→ The problem: Could you restate word for word only the lines below from the one holding "It took about" to the one holding "今天上午,toku在推特發表", inclusive, and leave out the pictures?

→ Supplied records:
☆ ☆ ☆

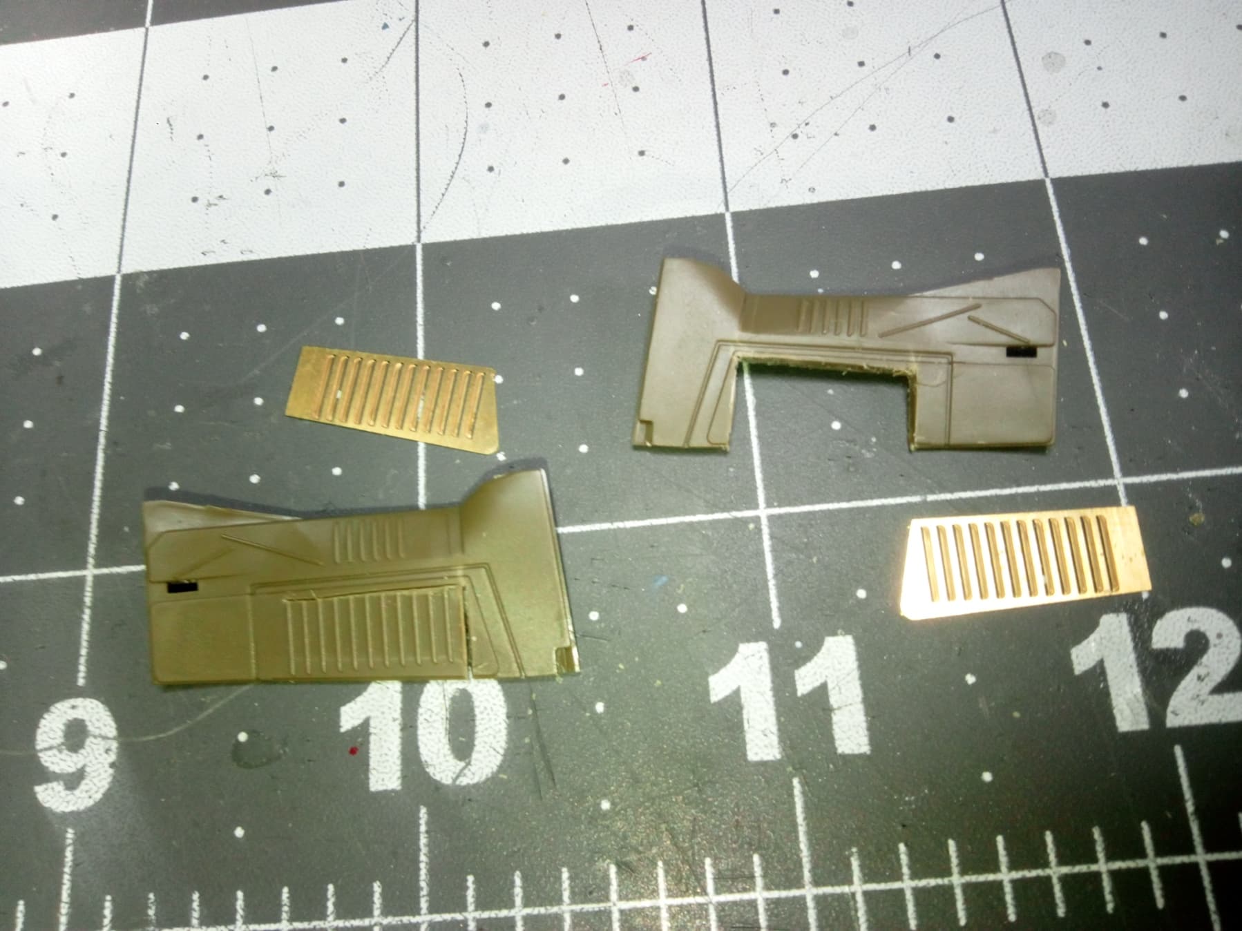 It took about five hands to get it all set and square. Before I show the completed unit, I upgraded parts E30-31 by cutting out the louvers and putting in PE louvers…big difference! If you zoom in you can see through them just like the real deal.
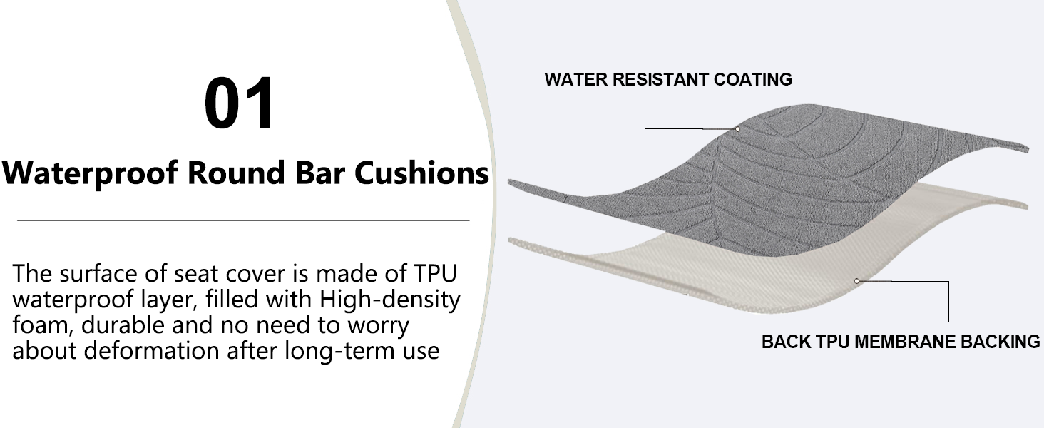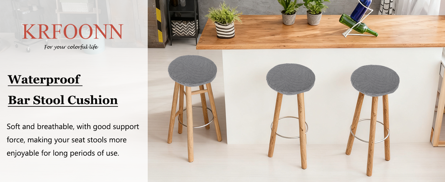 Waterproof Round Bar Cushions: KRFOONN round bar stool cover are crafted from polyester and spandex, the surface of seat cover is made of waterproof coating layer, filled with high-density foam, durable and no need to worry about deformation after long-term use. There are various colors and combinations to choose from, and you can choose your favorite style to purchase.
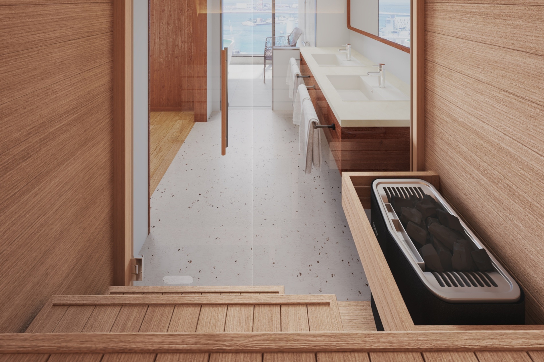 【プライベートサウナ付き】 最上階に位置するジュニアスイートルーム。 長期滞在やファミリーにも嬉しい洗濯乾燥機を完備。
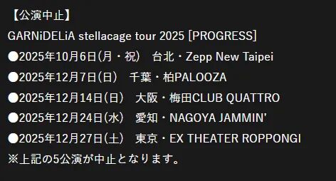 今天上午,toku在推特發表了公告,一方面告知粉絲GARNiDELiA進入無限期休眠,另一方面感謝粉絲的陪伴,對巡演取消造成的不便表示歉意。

☆ ☆ ☆

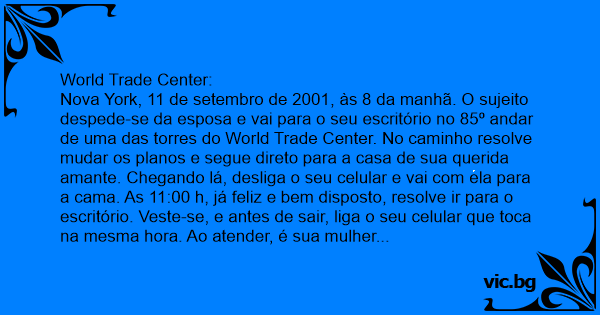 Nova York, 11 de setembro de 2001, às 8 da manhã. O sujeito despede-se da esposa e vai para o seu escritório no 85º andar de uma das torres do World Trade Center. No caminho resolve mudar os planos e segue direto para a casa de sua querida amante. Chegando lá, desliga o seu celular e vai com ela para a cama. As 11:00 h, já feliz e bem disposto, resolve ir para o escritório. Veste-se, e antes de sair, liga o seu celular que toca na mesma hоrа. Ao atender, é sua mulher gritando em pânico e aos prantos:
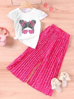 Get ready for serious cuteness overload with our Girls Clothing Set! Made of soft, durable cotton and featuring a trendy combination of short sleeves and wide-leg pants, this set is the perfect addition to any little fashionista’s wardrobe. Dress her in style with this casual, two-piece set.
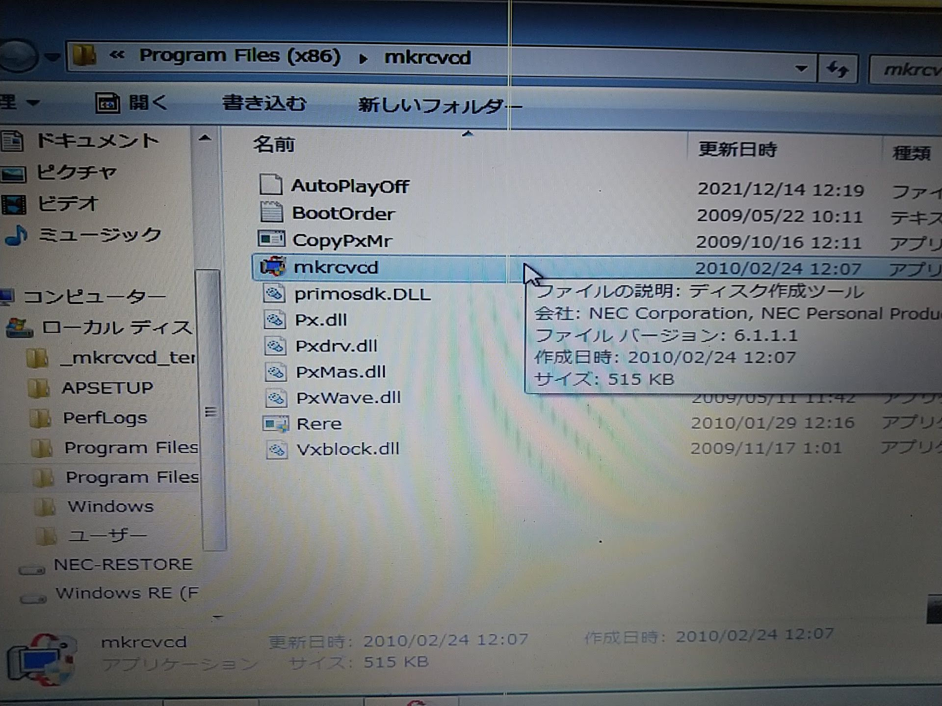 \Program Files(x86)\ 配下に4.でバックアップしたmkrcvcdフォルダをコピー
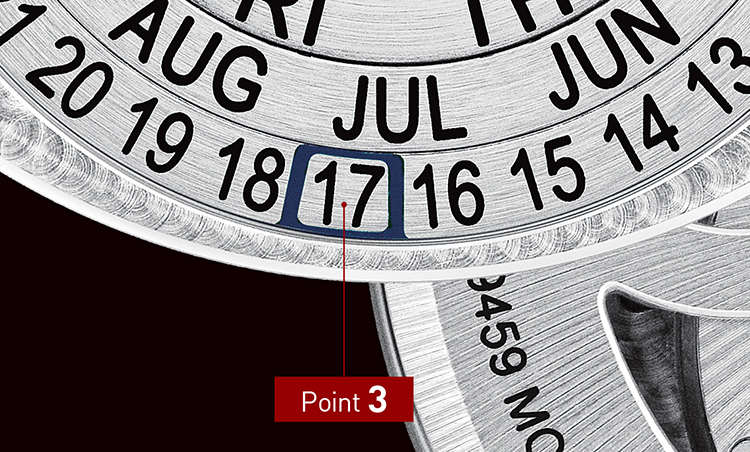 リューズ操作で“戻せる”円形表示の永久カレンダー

☆ ☆ ☆

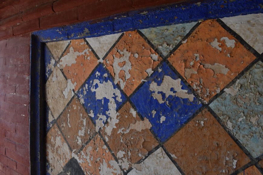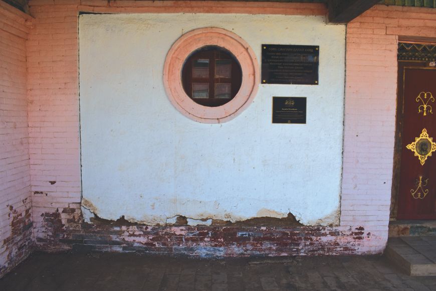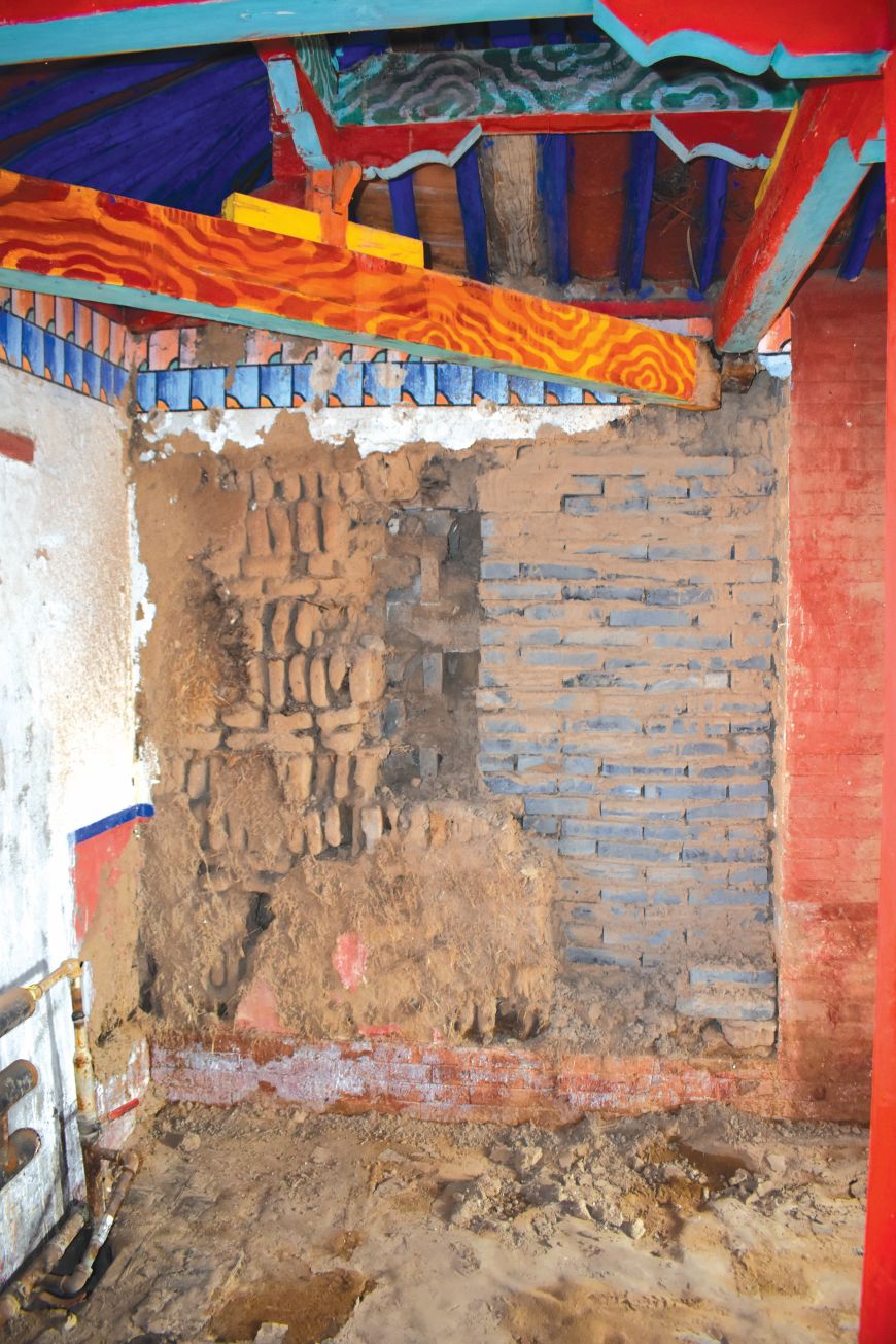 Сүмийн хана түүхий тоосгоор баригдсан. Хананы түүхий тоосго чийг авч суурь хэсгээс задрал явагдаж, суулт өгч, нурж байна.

☆ ☆ ☆

→ Exercise solution:
 It took about five hands to get it all set and square. Before I show the completed unit, I upgraded parts E30-31 by cutting out the louvers and putting in PE louvers…big difference! If you zoom in you can see through them just like the real deal.
 Waterproof Round Bar Cushions: KRFOONN round bar stool cover are crafted from polyester and spandex, the surface of seat cover is made of waterproof coating layer, filled with high-density foam, durable and no need to worry about deformation after long-term use. There are various colors and combinations to choose from, and you can choose your favorite style to purchase.
 【プライベートサウナ付き】 最上階に位置するジュニアスイートルーム。 長期滞在やファミリーにも嬉しい洗濯乾燥機を完備。
 今天上午,toku在推特發表了公告,一方面告知粉絲GARNiDELiA進入無限期休眠,另一方面感謝粉絲的陪伴,對巡演取消造成的不便表示歉意。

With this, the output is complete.